The simplest approach for normalizing microarray data is to re-scale each expression value of a dataset. There exist two main approaches for normalization: the quantile algorithm [14] and the sketch-quantile algorithm that requires less computational resources.
For instance, the following command line shows the use of APT to normalize and summarize an Affymetrix dataset:
apt-probeset-summarize -a rma -d HuEx-1_0-st-v2.cdf -o/home/output -cel-files/home/list.txt
In particular, the rma option specifies the RMA summarization algorithm, the -d HuEx-1_0-st-v2.cdf option specifies the Human Exon 1.0 st library, while the -o -cel-files options specify respectively the output and input folders (where list.txt specifies the list of input cel files).

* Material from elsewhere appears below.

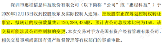 从今日的公告来看,本次惠程科技公告拟向国有资产经营管理有限公司转让股份数量1.20亿股,占总股份比例15%,控制权涉及再次变更。

After summarization and normalization, the user has to associate to each expression value the related gene and eventually some further biological annotation, such as the gene symbol or information extracted by Gene Ontology [15]. Often annotation files are provided by the chip manufacturer and contain different levels of annotation, e.g. database identifier, description of molecular function, associated protein domains. It should be noted that not all the preprocessing tools allow the annotation of gene expression values. Finally, preprocessed data, organized in a suitable data structure (e.g. a comma separated value table), can be read and analyzed by the TM4 platform. The main drawbacks of such an approach are: (i) the need to generate and store intermediate files in a manual way that prevent the automation of the process; (ii) the need to know the details of the used chips and related preprocessing tools and libraries; (iii) the need to manually download the most updated summarization and annotation libraries from the vendor website, and (iv) the need to manually import preprocessed files in the analysis platforms, that may introduce errors. The automation of the preprocessing pipeline could speed-up the entire analysis process and reduce possible errors, allowing the user to concentrate on biological aspects. From this scenario, in order to enable the sharing and cross-comparison of microarray results from different platforms and laboratories, we propose a software tool to automatize the preprocessing of raw microarray data.

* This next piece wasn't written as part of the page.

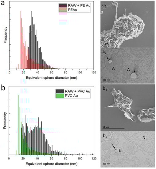 (a) Equivalent sphere diameter distribution of PE Au (red) and RAW 264.7 cells, incubated with PE Au for 48 h (black) at a concentration of 1 µg mL−1. (a1) The SEM image of the RAW 264.7 cells incubated with PE Au for 48 h does not show the presence of any nanoplastics interacting with the cell membrane or as background materials. (a2) TEM image of slices of RAW 264.7 cells after 48 h of incubation with PE Au, displaying the presence of PE Au (arrows) inside amphisomes (A), confirming the internalization. (b) Equivalent sphere diameter distribution of PVC Au (green) and RAW 264.7 cells incubated with PVC Au for 48 h (black) at a concentration of 1 µg mL−1. (b1) The SEM image of the RAW 264.7 cells, incubated with PVC Au for 48 h, does not show the presence of any nanoplastics interacting with the cell membrane or as background materials. (b2) The TEM analysis of the sample reveals the presence of nanoplastics (indicated by arrows) internalized inside the endosome (E); the nucleus is marked N.
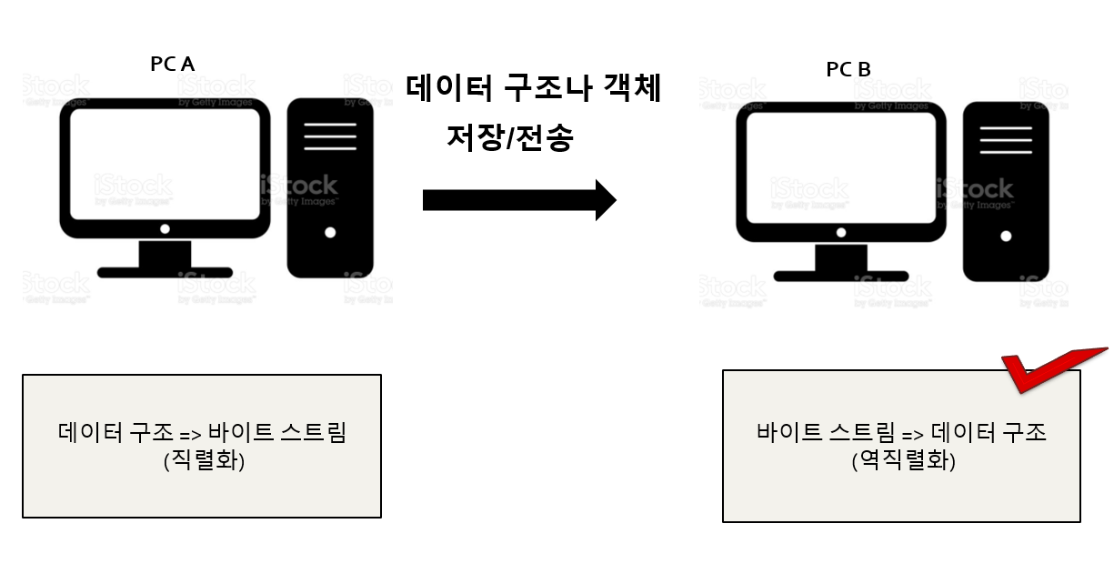 - 객체를 직렬화하여 전송 가능한(바이트 스트림) 형태로 만드는 것

The proposed tool, named μ-CS, is able to preprocess Affymetrix microarray data in order to simplify and automatize the summarization, normalization, and annotation of microarray data. μ-CS is based on a distributed architecture and uses the client/server model. The μ-CS server is in charge of tracing the versions of libraries used to preprocess arrays data and made available by microarray vendors, allowing a transparent access to the right and most updated versions of preprocessing libraries. The μ-CS client implements the preprocessing methods by wrapping the Affymetrix APT preprocessing tools and implements the annotation process by joining summarized data with annotation libraries. The main idea of μ-CS is to reduce the number of information provided by the user during the data preprocessing, by embedding chip and software details into the μ-CS databases. Examples of such details are the chip type and version, the software version, the link where to download the last version of the Affymetrix Power Tools and annotation libraries, what chip library and annotation library need to be used for a given chip, and so on.